Submitted: August 2013

China has many entertainment options thanks to its vibrant culture, areas of unspoiled mountain regions, national parks and modern entertainment centres. There are many activities available, making it one of the most diverse and vibrant countries in the world. Essentially, there is always something fun to do.


China does have an active nightlife, despite the western view of a closed, communist society. China’s nightlife has a distinct personality with activities ranging from acrobatic shows, karaoke, gaming, disco dancing to even a Chinese opera dinner show. If you fancy a western style bar or pub, this is becoming an increasingly popular option especially within the more affluent urban centres such as Shanghai, Beijing and Shenzhen.


China has many cinemas across the major cities which show recent international movies. Most films are shown in their original language with Chinese subtitles, and in some cases English subtitles as well, but children movies are often dubbed over in Chinese. If you want to watch an English-language movie, the best location would be Shanghai, but only about 30 films are allowed to be imported each year, so choice is very limited. You can book films online at many of the larger cinemas.

Sightseeing and Tours

China offers numerous day tours and has many sightseeing attractions including: exploring the wonder of the nearly 3,000 mile-long Great Wall ; visiting the Terracotta Army in Xi'an, the Forbidden City in Beijing; visiting a temple or taking a cruise down the Yangtze River.
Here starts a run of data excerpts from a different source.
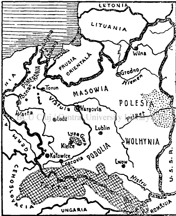
Fig. 1. Harta Poloniei (d. Ahlers)

diș și mâl lăsat de pe urma topirii ghetarilor din vremea Cvaternară. Spre granița de răsărit, se găsesc mlăștinele dela Pinsk din regiu-
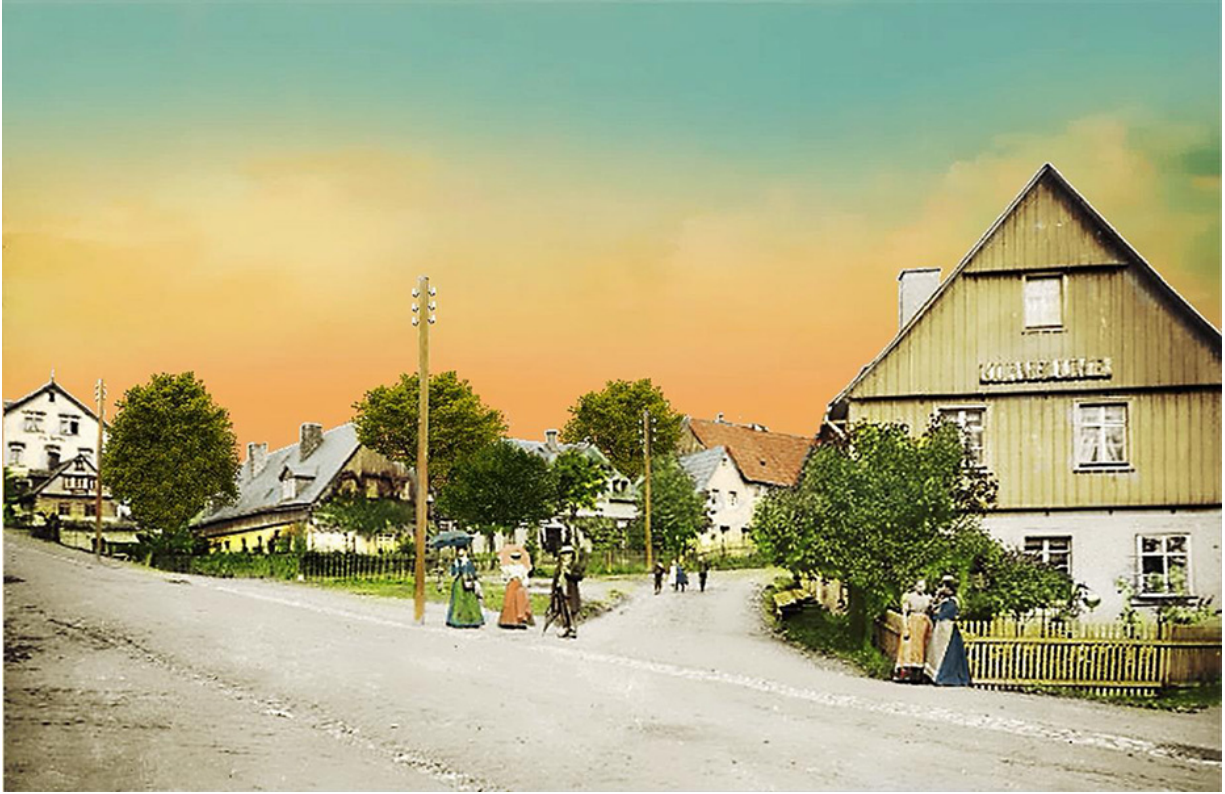
Partie im Dorf - rechts das Gästehaus „Kornblume“
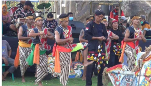
Gambar 4. Jathilan Kudho Song Pace (Sambirejo)

Potensi kesenian di masyarakat Kalurahan Sambirejo memiliki beberapa bentuk kesenian tradisional seperti pada Gambar 4 yaitu kesenian jathilan, Selain itu terdapat seni tari, ketoprak, dan hadroh. Kesenian tersebut sering ditampilkan dalam kegiatan budaya maupun acara masyarakat sehingga turut mendukung pengembangan wisata berbasis budaya lokal.
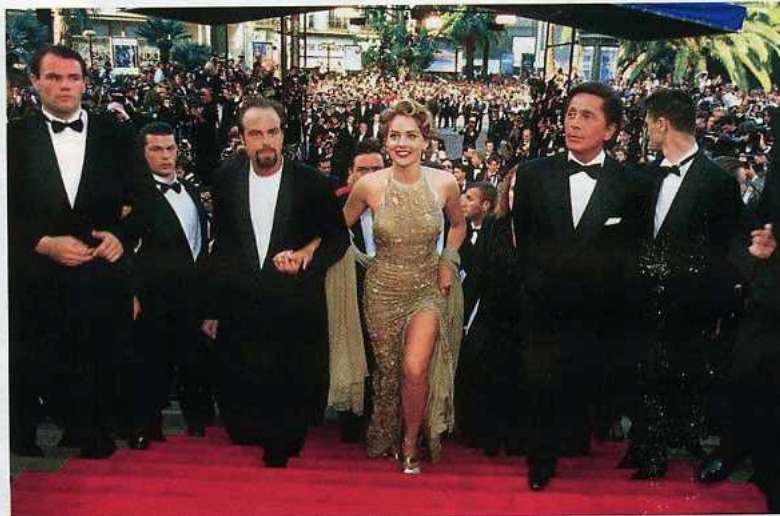
CANNES-FESTIVAL Als Sharon Stone 1995 in Valentino erschien, brauchte sie ein Heer von Leibwächtern. Die hautfarbene, vollständig mit Kristallblüten bestickte Robe hatte den speziellen Effekt, die Diva nackt erscheinen zu lassen

Valentino, Sohn eines Elektrohändlers, ist mit dem absoluten Blick zur Welt gekommen, so wie andere mit dem absoluten Gehör: „Eines Tages wurde mir klar, dass ich einfach alles sehe, alles beobachte. Ich kam in ein Haus und sah sofort den Fleck auf dem Sofa, nicht das
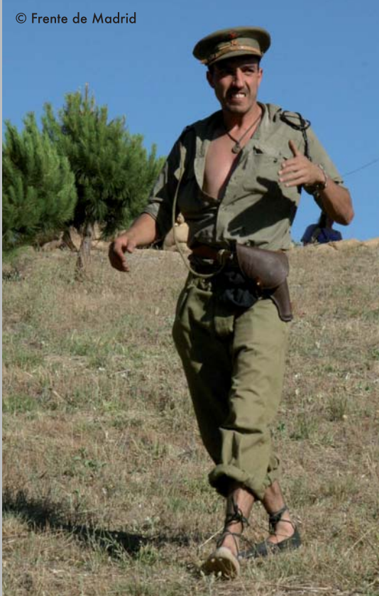
Para combatir los rigores del verano, este oficial lleva la camisa desabrochada, los pantalones remangados y las clásicas alpargatas.
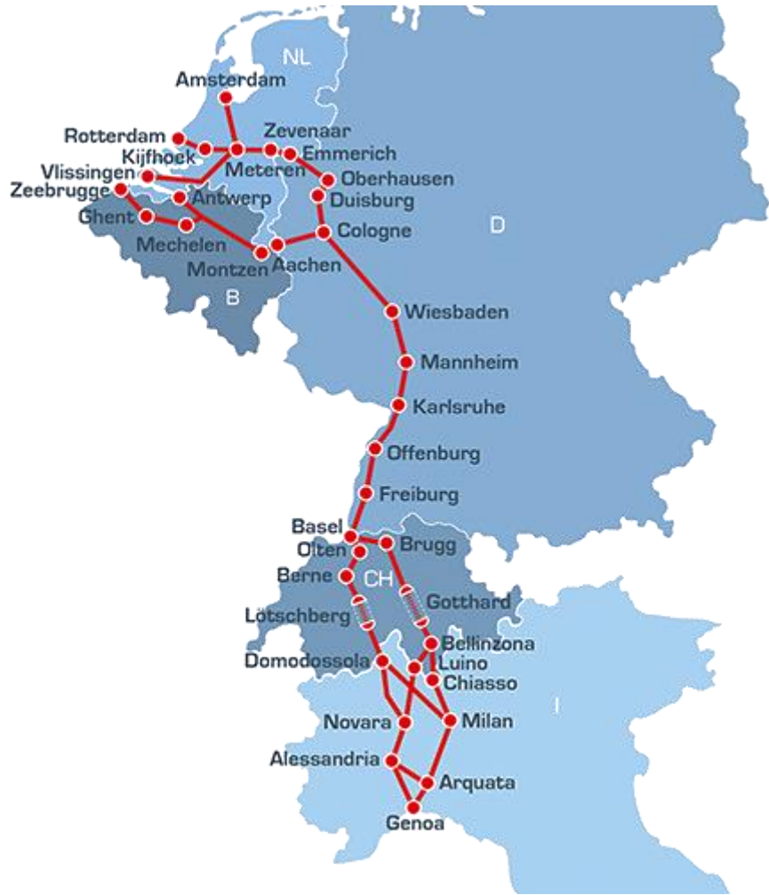
1. Corridoi Europei ferroviari per le merci (sopra) – 2. Il corridoio Reno-Alpi (sotto)
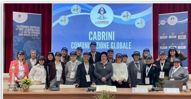
Foto de grupo no final do dia em 23 de janeiro.

For a comprehensive list of entertaining activities available to you, including starting costs, pictures and a general overview, many guides are available, including:

China Hotels and Travel Guide - https://www.china-hotels.ws/
Viator Guide - https://www.viator.com/China/d13-ttd
Travel China Guide - https://www.travelchinaguide.com/


Media and Television

Television in China is owned and operated by Chinese Central Television (CCTV) and is firmly under state administration. It broadcasts 22 free-to-air channels, most of which are high definition (HD) and in Mandarin only. These channels broadcast a wide range of programmes, including news, sports, entertainment and more. The main two English channels are: CCTV News which is a 24 hour English language channel which broadcasts live news by the hour, and CCTV-9 Documentary which provides factual programming in English or Mandarin (with English subtitles). Currently, there are efforts to expand English-language TV service in China. Be aware that 'news' programmes in China are often censored and bowlderised to the point of being parodic.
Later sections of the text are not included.